Linear Algebra

On the importance of the Cauchy-Bunyakovskii-Schwarz Inequality

The triangle inequality $$||x+y||\leq ||x|| + ||y||$$ is possibly the earliest inequality that we learn. Starting from high school, we learn that the shortest distance between two points is a single straight line, and if we want to travel the same distance by two or more straight lines, we will travel longer.

We know very well that the triangle inequality that we so intuitively get is not limited only to the 2D or 3D spaces that we can visualize, but to any $n$-dimensional space. That is, for any $x,y \in \mathbb R^{n}$, $$||x+y||_2\leq ||x||_2 + ||y||_2.$$

This inequality is the cornerstone of many mathematical and by extension engineering fields. But how can we prove and get this identity in spaces that we cannot visualize?

Enter the Cauchy-Bunyakoovski-Schwarz (CBS) inequality. (This is the one known as the Cauchy-Schwarz inequality, often dropping the name of the Russian mathematician who did the generalization –like Schwarz– but well before Schwarz). The CBS inequality does the critical linking between the inner product between two vectors and the concept norm. If we restrict ourselves to spaces of real vectors, the CBS inequality can be written as:
$$
|x^T y| \leq ||x|| ||y||.
$$
In words, the inner product between two vectors cannot larger than the product of the vectors’ norms. Equality can be attained if and only if one vector is the scalar multiple of the other (e.g., see Exercise 5.1.9 of Meyer). (Here we consider only the Euclidean norm, and below we discuss why this norm is so special in this case.)

Once we have the CBS inequality above, it becomes almost trivial to prove the triangle inequality:
$$
\begin{align}
||x+y||^2 &= (x+y)^T (x+y) = ||x||^2 + 2x^Ty +|| y ||^2 ||\\
&\leq ||x||^2+2||x||\, ||y|| + ||y||^2 = (||x||+||y||)^2
\end{align}
$$

Moreover, using what we said above, we know that equality is attained if and only if $x$ is a scalar multiple of $y$, which makes sense: the distance between the sum of two vectors is identical to the sum of the distance if and only if the vectors are on the same line. Thus, the CBS fills in the critical part of generalizing all our intuition on visualizable spaces to $n$-dimensional (and actually, even infinite) spaces.

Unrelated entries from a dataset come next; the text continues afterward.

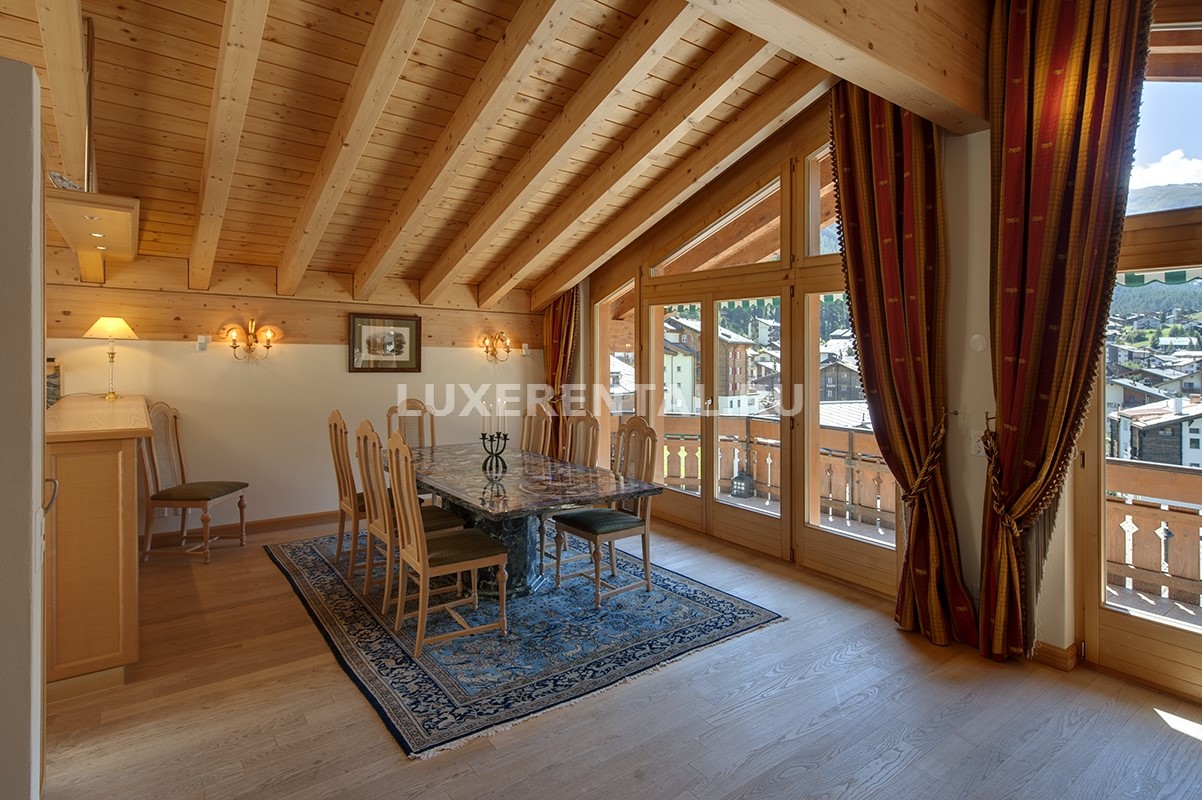 Пентхаус обращен на юг и имеет прекрасный вид на деревню и гору Маттерхорн. Наклонные потолки с деревянными балками создают особую атмосферу традиционного альпийского шале. На 3 балкона апартаментов можно выйти практически из каждой комнаты (кроме детской комнаты).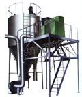 概述: 噴霧干燥是液體工藝成形和干燥工業(yè)中廣泛應(yīng)用的工藝。適用于從溶液、乳液、懸浮液和可塑性糊狀液體原料中生成粉狀、顆粒狀或塊狀固體產(chǎn)品。因此,當(dāng)成品的顆粒大小分布、殘留水份含量、堆積密度和顆粒形狀必須符合精確的標(biāo)準(zhǔn)時(shí)。噴霧干燥是一道合適的工藝。 工作原理: 空氣經(jīng)過(guò)濾和加熱,進(jìn)入干燥器頂部空氣分配器,熱空氣呈螺旋狀均勻地進(jìn)入干燥室。料液經(jīng)塔體頂部的高速離心霧化器,(旋轉(zhuǎn))噴霧成細(xì)微的霧狀液珠,與熱空氣并流接觸在短的時(shí)間內(nèi)可干燥為成品。成品連續(xù)地由干燥塔底部和旋風(fēng)分離器中輸出,廢氣由風(fēng)機(jī)排空。 特點(diǎn): ★ 干燥速度快,料液經(jīng)霧化后表面積大大增加,在熱風(fēng)氣流中,瞬間就可蒸發(fā)95%-98%的水份,完成干燥時(shí)間僅需數(shù)秒,特別適用于熱敏性物料的干燥。 ★ 產(chǎn)品具有良好的均勻度、流動(dòng)性和溶解性,產(chǎn)品純度高,質(zhì)量好。 ★ 生產(chǎn)過(guò)程簡(jiǎn)化,操作控制方便。對(duì)于含濕量40—60%(特殊物料可達(dá)90%)的液體能一次干燥成粉粒產(chǎn)品,干燥后不需粉碎和篩選,減少生產(chǎn)工序,提高產(chǎn)品純度。對(duì)產(chǎn)品粒徑,松密度,水份,在一定范圍內(nèi)可通過(guò)改變操作條件進(jìn)行調(diào)整,控制和管理都方便。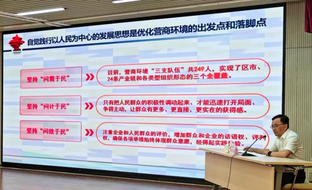 趙發(fā)海同志結(jié)合學(xué)習(xí)心得和前期調(diào)研情況,重點從三個方面展開詳細(xì)的闡述,為全局黨員、干部深入開展學(xué)習(xí)貫徹習(xí)近平新時代中國特色社會主義思想主題教育提供了具體行動指導(dǎo)。一是在學(xué)深悟透習(xí)近平總書記關(guān)于優(yōu)化營商環(huán)境重要論述上下功夫。堅持黨的領(lǐng)導(dǎo)是優(yōu)化營商環(huán)境的根本保證,自覺踐行以人民為中心的發(fā)展思想是優(yōu)化營商環(huán)境的出發(fā)點和落腳點,處理好政府與市場關(guān)系是優(yōu)化營商環(huán)境的關(guān)鍵所在,深化改革創(chuàng)新是優(yōu)化營商環(huán)境的源頭活水。二是在認(rèn)清優(yōu)化營商環(huán)境面臨的新形勢新任務(wù)上出實招。要充分認(rèn)識國內(nèi)外復(fù)雜形勢給優(yōu)化營商環(huán)境帶來的巨大壓力,深入挖掘和激發(fā)新時代優(yōu)化營商環(huán)境所蘊藏的無窮潛力,在新征程上立足本職,實現(xiàn)優(yōu)化營商環(huán)境新突破。三是在立足審批服務(wù)實踐打造一流營商環(huán)境上求實效。要堅持以干成事論英雄、以解決實際問題論能力,以高質(zhì)量發(fā)展項目論業(yè)績,把抓工作落實當(dāng)作全局工作的生命線,錘煉一流作風(fēng)、鍛造一流隊伍、鑄就一流事業(yè),重點開展好七項行動:黨建品牌擦亮行動、作風(fēng)能力提升行動、營商環(huán)境攻堅行動、政務(wù)服務(wù)增值行動、數(shù)字賦能深化行動、意見建議清零行動、自我革新提高行動。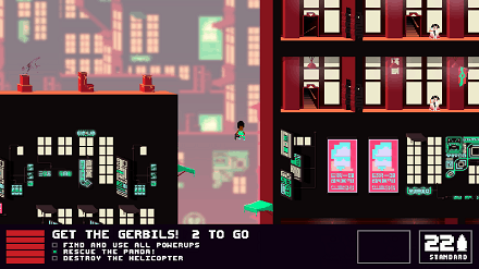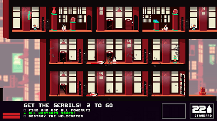 Papildomos užduotis šiame žaidime paprastos ir pakankamai aiškios: jums reikia nušauti tam tikrą dilerių kiekį, nepatirti žalos, įveikti lygį per tam tikrą laiko tarpą ar pasiekti tam tikrą tašką. Kad nebūtų sunku, į pagalbą ateina įvairus veikėjo arsenalo patobulinimai (Powerups), kurie suteikia žaidėjui sprogstančias kulkas ir automatinį robotą kulkosvaidį (ang. turret). Šie patobulinimai pasitaiko atsitiktine tvarka todėl, kad kiekvieną kartą kartodami lygį jūs gautumėte vis kitokių.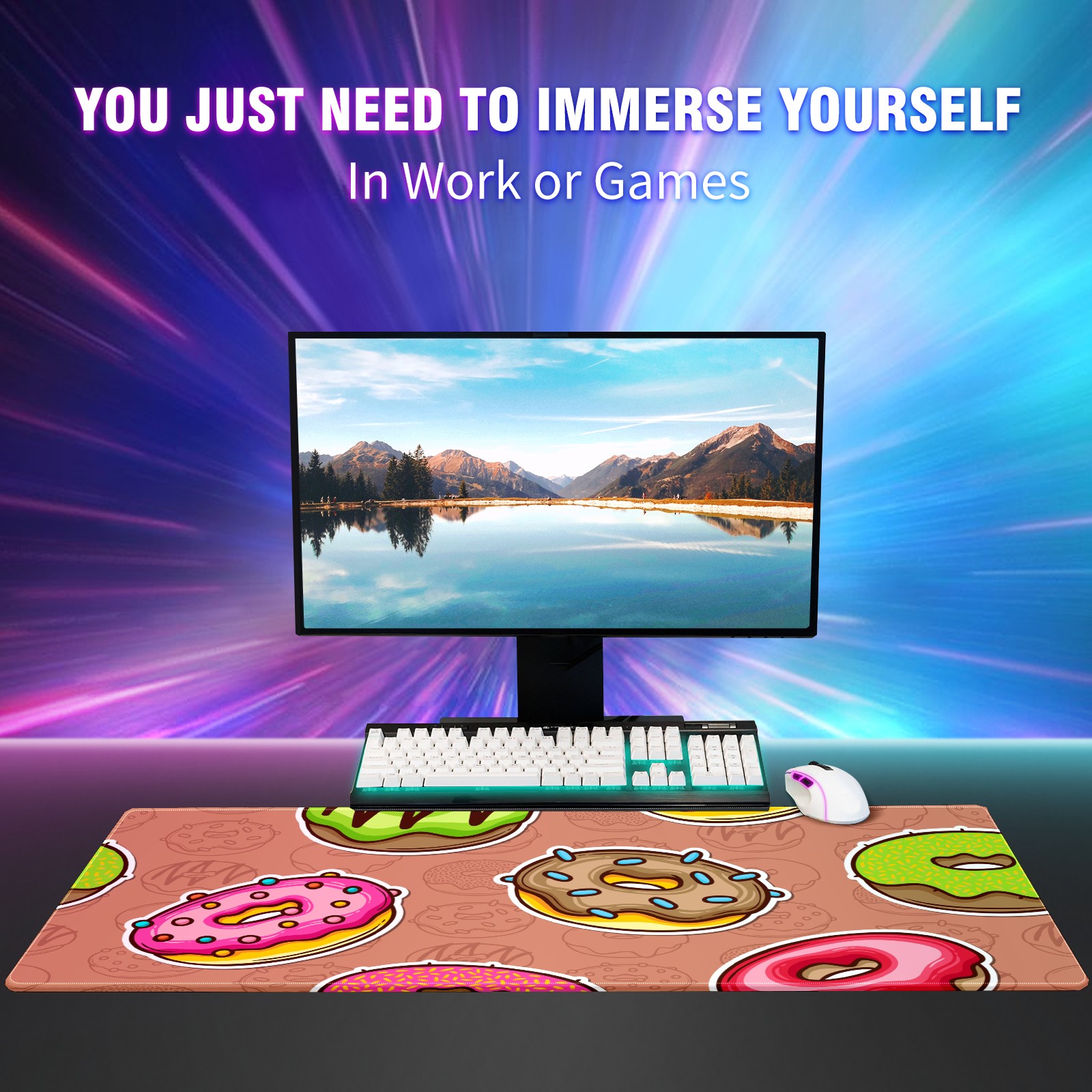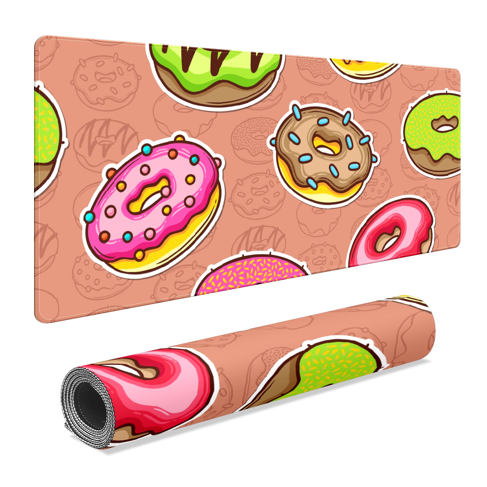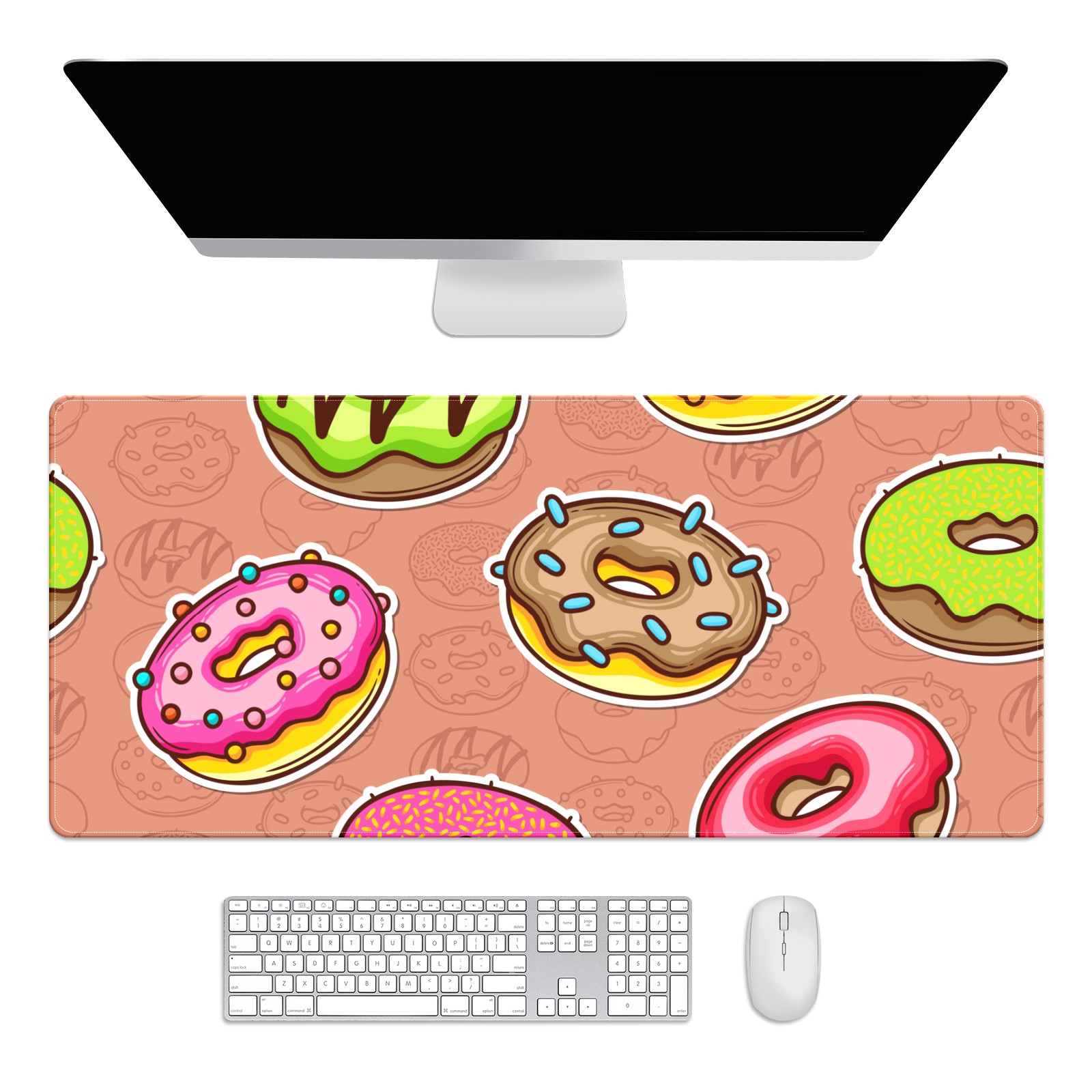 Large Mouse Pad for Desktop, Cute Desk Mat Pad Protector for Work & Gaming, Aesthetic Pretty Anti-Slip Laptop Blotter Cover for Office School Home Supplies, Doughnut Colorful Seamless , 35.4inx15.7in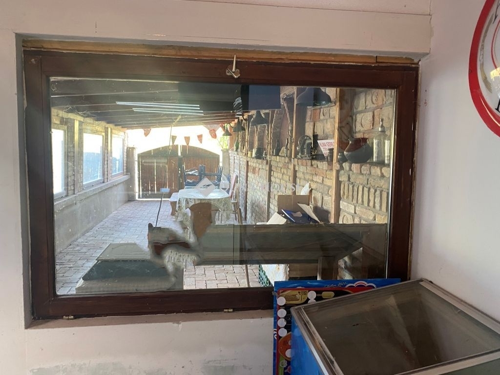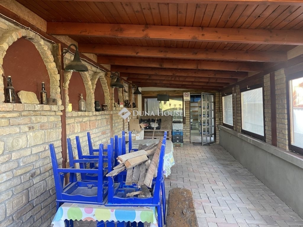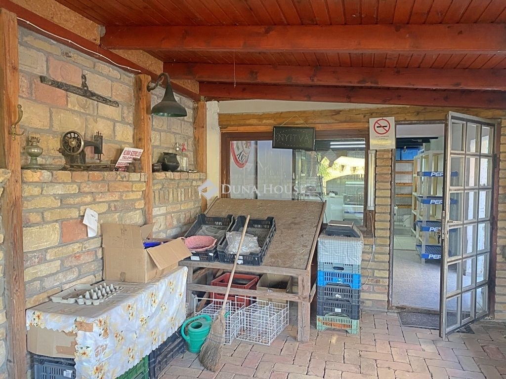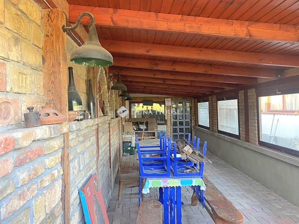 Látvány hűtővel, polcrendszerrel felszerelt kis vásárló tér, felette zárt, ablakos alvó galériával jelenleg tároló. 3 oldalról beépített tégla falazatú, címeres téglákkal díszített, térkövezett aljzattal , 1 oldalról ablakokkal ellátott hatalmas terasz.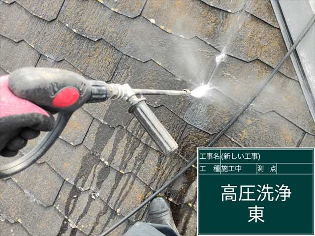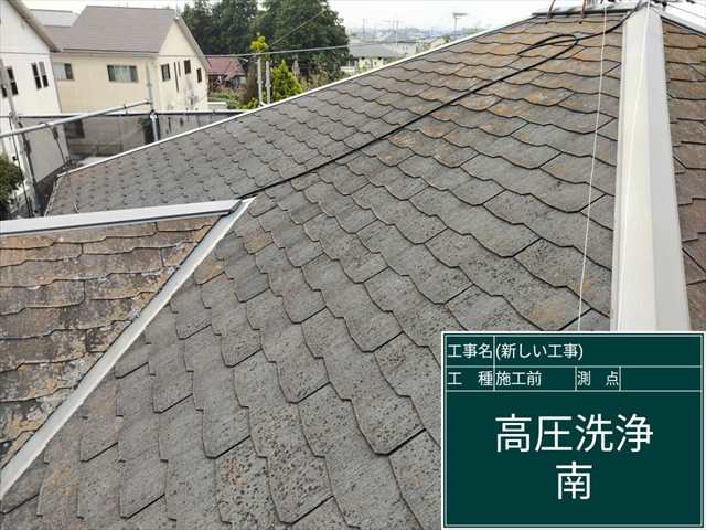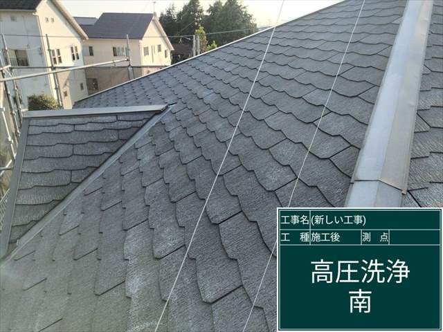スレート屋根の高圧洗浄、20年という年月で屋根にこびりついていた苔が綺麗に落ちました!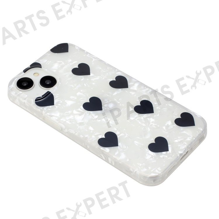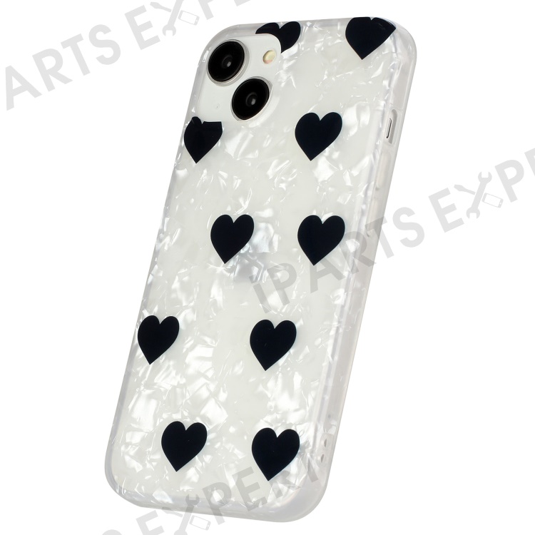 For iPhone 14 Plus TPU Case IMD Pattern Shockproof Mobile Phone Cover - Black Love Heart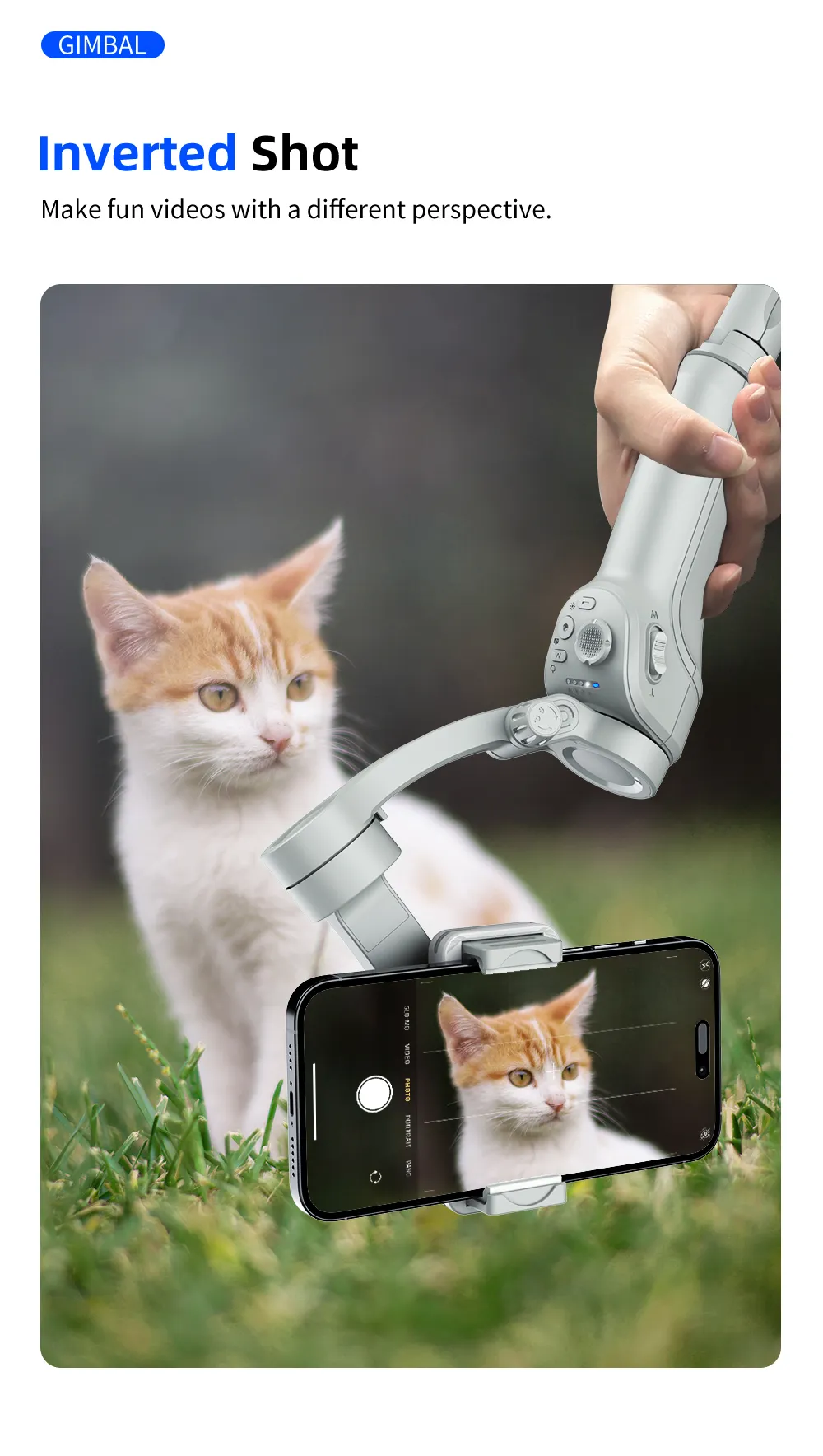 \nWalking, running, jumping without shaking the picture. \n-- 3-axis stabilization \n-- Powerful motors \n-- Two-handed grip for more stability
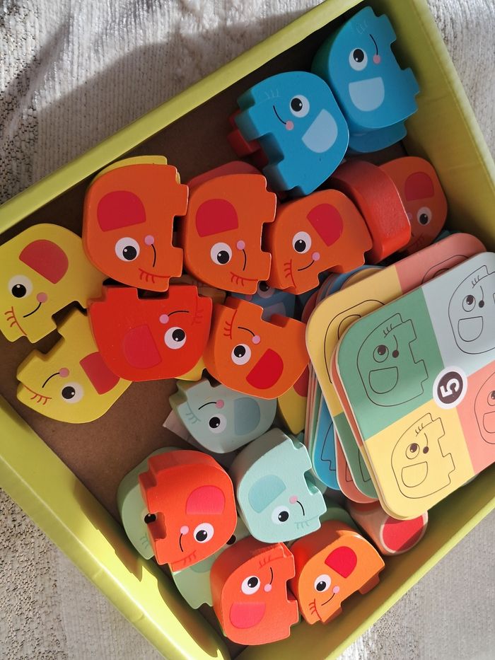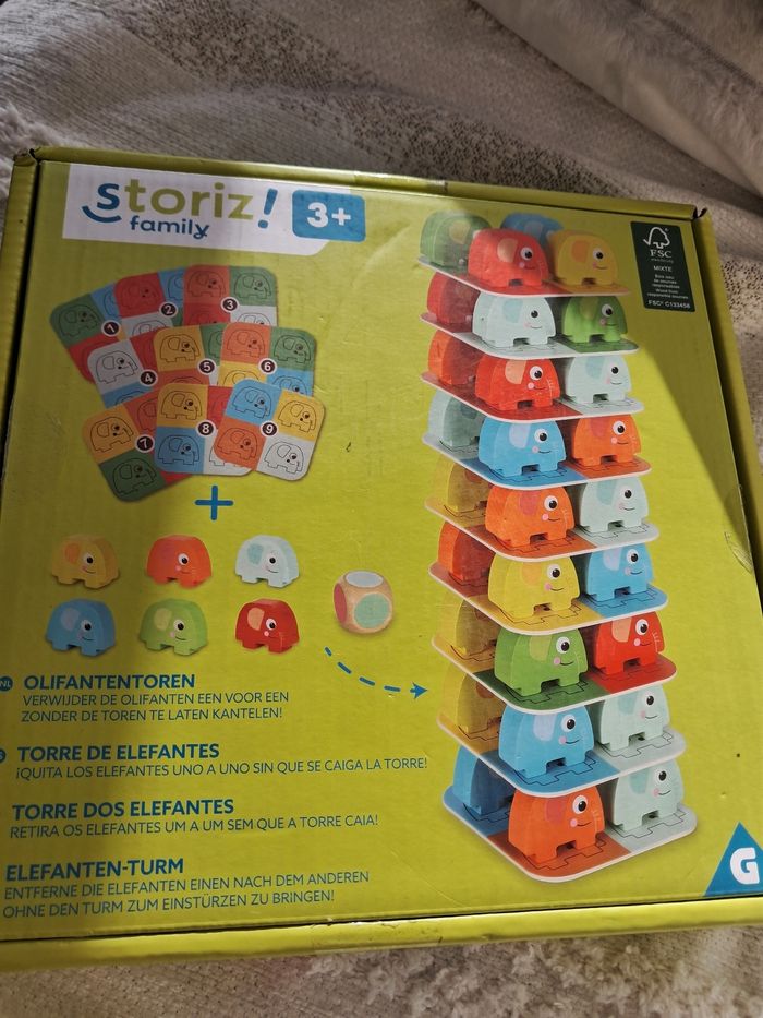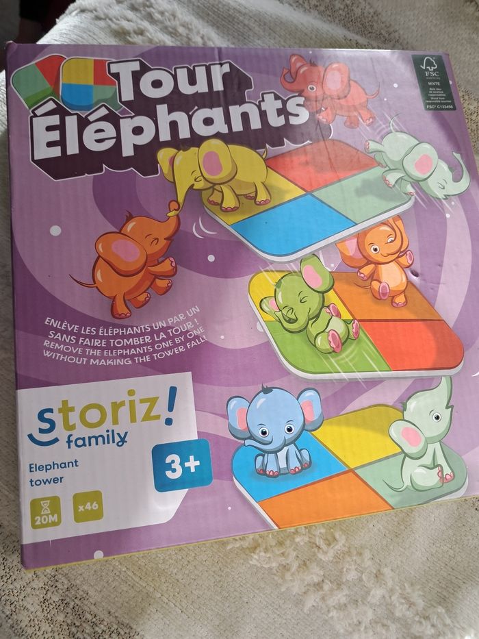 Tour éléphants en bois. A partir de 3 ans. Les pièces sont toutes présentes et comme neuves.

Another critical thing that CBS allows us to do is to generalize the notion of angles from visualizable to $n$-dimensional ($n$>2) spaces. In 2D/3D geometry, if we use the definition of dot product (i.e., inner) product we have that
$$
\cos\theta = \frac{x^T y}{||x||\,|| y||}.
$$
Clearly, the cosine that we know takes values from the range $[-1, 1]$, and attains the bounds in these ranges. The CBS allows us to generalize the notion of angle to unvisualizable spaces, $|x^T y| \leq ||x|| ||y||$ implies that the cosine properties that we listed (i.e., that it takes values from the range $[-1, 1]$ and attains the bounds of this range –when $x$ is scalar multiple of $y$) all hold.

The point that we highlight in the paragraph above is of critical importance, because the concept of orthogonality is fundamental in linear algebra, and we can talk about orthogonality only if we can talk about angles, since orthogonality is defined through angle (or inner products) — two elements in an inner-product space are orthogonal if and only if their angle is zero. My summary of Chapter 5 of Meyer (e.g., see Figure 5.1 of my summary) expands this point further. In sum, the concept of orthogonality and thereby a big part of linear algebra rests on the CBS inequality.

Why is Euclidean norm so special?

The CBS equality applies for the Euclidean norm, but there is a widely known generalization to p-norms, namely Hölder’s inequality, according to which
$$
|x^T y| \leq ||x||_p ||y||_q,
$$
where $||\cdot ||_p$ is the $p$-norms and $||\cdot ||_q$ is the $q$-norm, and $1/p+1/q=1.$ Clearly, the only $p, q$ values that satisfy the latter equality and $p=q$ is $p=q=2$. In other words, in all the other $p$ and $q$ values, we are talking about different and therefore non-commensurate norms.

This suggests that the angle concept that we just outlined above will not generalize to norms other than the 2-norm (i.e., Euclidean), since we won’t be able to guarantee that the cosine between two angles (as defined above) will vary between $-1$ and $1$ and attain these values. Indeed, the only $p$-norm for which the cosine distance makes sense is the Euclidean norm (p292 of Meyer). Thus, even though the Hölder norm is extremely important for establishing that the triangle inequality holds for all p-norms (see Exercise 5.1.13 of Meyer), it also hints to the fact that if we want to be able to talk about “angles” in higher-dimensional spaces of p-norms, we are limited to Eucliden norm. (Mind you, there are non-p-norms where we can still talk about angles, such as the elliptical norm. In fact, for any norm that is generated from an inner product, we can talk about angles — see p288).